To The Lighthouse, Part II - Time Passes, Chapter 2
So with the lamps all put out, the moon sunk, and a thin rain drumming on the roof a downpouring of immense darkness began. Nothing, it seemed, could survive the flood, the profusion of darkness which, creeping in at keyholes and crevices, stole round window blinds, came into bedrooms, swallowed up here a jug and basin, there a bowl of red and yellow dahlias, there the sharp edges and firm bulk of a chest of drawers. Not only was furniture confounded; there was scarcely anything left of body or mind by which one could say, “This is he” or “This is she.” Sometimes a hand was raised as if to clutch something or ward off something, or somebody groaned, or somebody laughed aloud as if sharing a joke with nothingness.
Nothing stirred in the drawing-room or in the dining-room or on the staircase. Only through the rusty hinges and swollen sea-moistened woodwork certain airs, detached from the body of the wind (the house was ramshackle after all) crept round corners and ventured indoors. Almost one might imagine them, as they entered the drawing-room questioning and wondering, toying with the flap of hanging wall-paper, asking, would it hang much longer, when would it fall? Then smoothly brushing the walls, they passed on musingly as if asking the red and yellow roses on the wall-paper whether they would fade, and questioning (gently, for there was time at their disposal) the torn letters in the wastepaper basket, the flowers, the books, all of which were now open to them and asking, Were they allies? Were they enemies? How long would they endure?

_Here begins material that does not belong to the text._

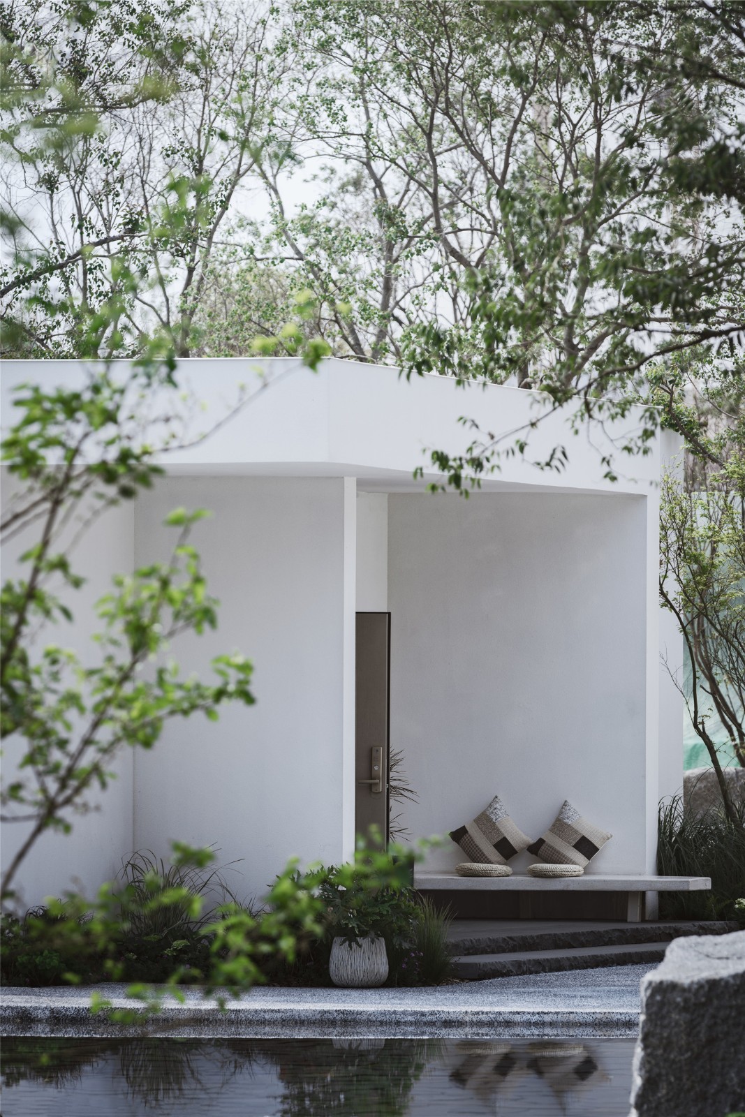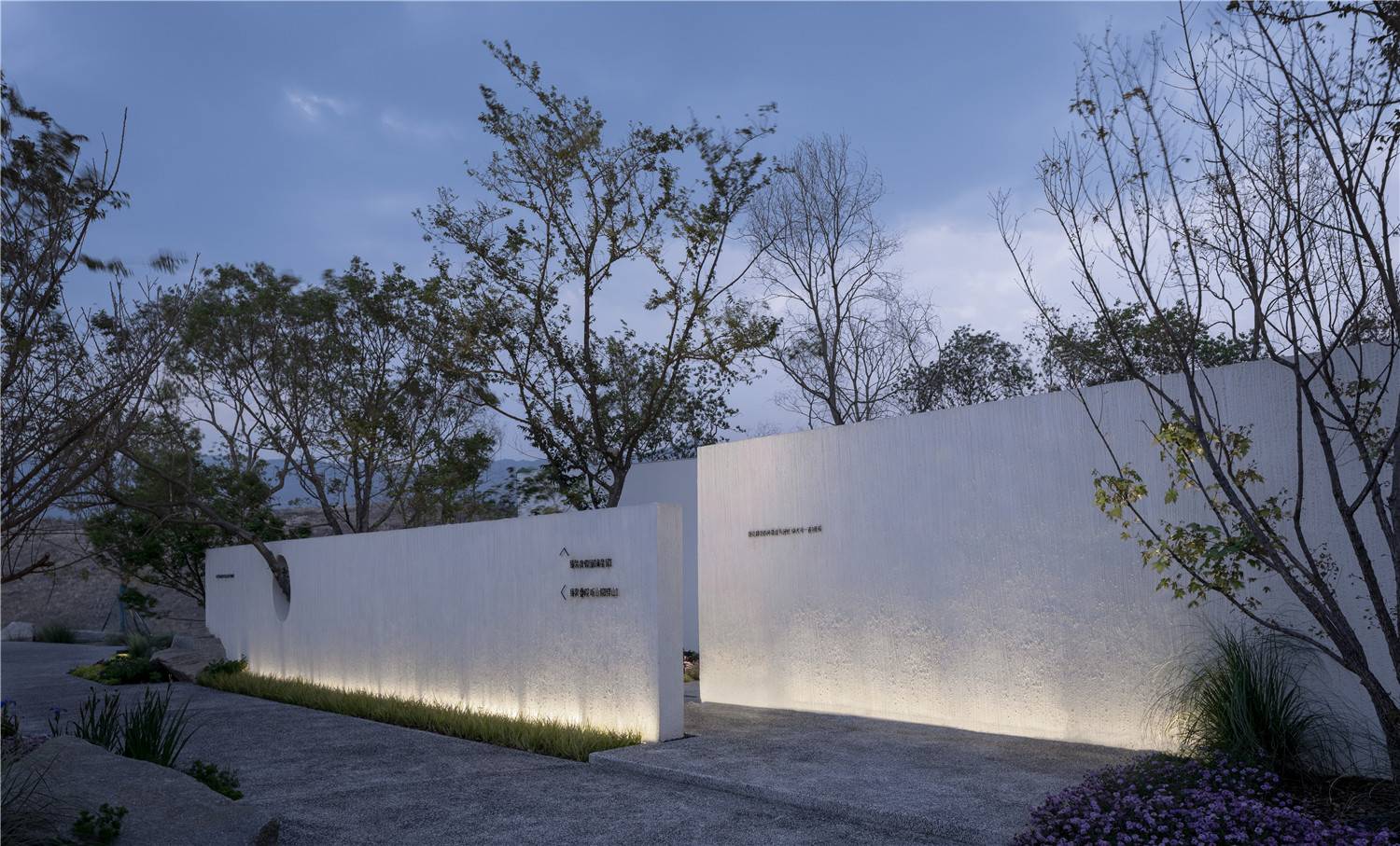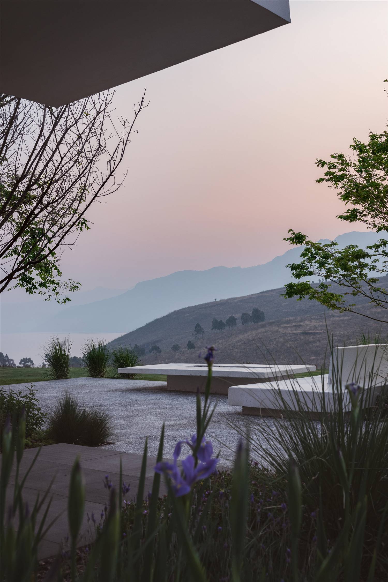 For the outdoor site of only more than 2,000 square meters, the landscape construction, the design of life scenes, the extraction of elements, the volume, material, color of the space, etc. all come from this lake and mountain, and return to this lake and mountain. The entrance design uses a series of walls to form a serpentine courtyard to limit the space. The wall conforms to the natural flow, so that the sight can be guided, and the behavior experience of the space can be specific and subtle, living in the present.

So some random light directing them with its pale footfall upon stair and mat, from some uncovered star, or wandering ship, or the Lighthouse even, with its pale footfall upon stair and mat, the little airs mounted the staircase and nosed round bedroom doors. But here surely, they must cease. Whatever else may perish and disappear, what lies here is steadfast. Here one might say to those sliding lights, those fumbling airs that breathe and bend over the bed itself, here you can neither touch nor destroy. Upon which, wearily, ghostlily, as if they had feather-light fingers and the light persistency of feathers, they would look, once, on the shut eyes, and the loosely clasping fingers, and fold their garments wearily and disappear. And so, nosing, rubbing, they went to the window on the staircase, to the servants’ bedrooms, to the boxes in the attics; descending, blanched the apples on the dining-room table, fumbled the petals of roses, tried the picture on the easel, brushed the mat and blew a little sand along the floor. At length, desisting, all ceased together, gathered together, all sighed together; all together gave off an aimless gust of lamentation to which some door in the kitchen replied; swung wide; admitted nothing; and slammed to.
[Here Mr. Carmichael, who was reading Virgil, blew out his candle. It was past midnight.]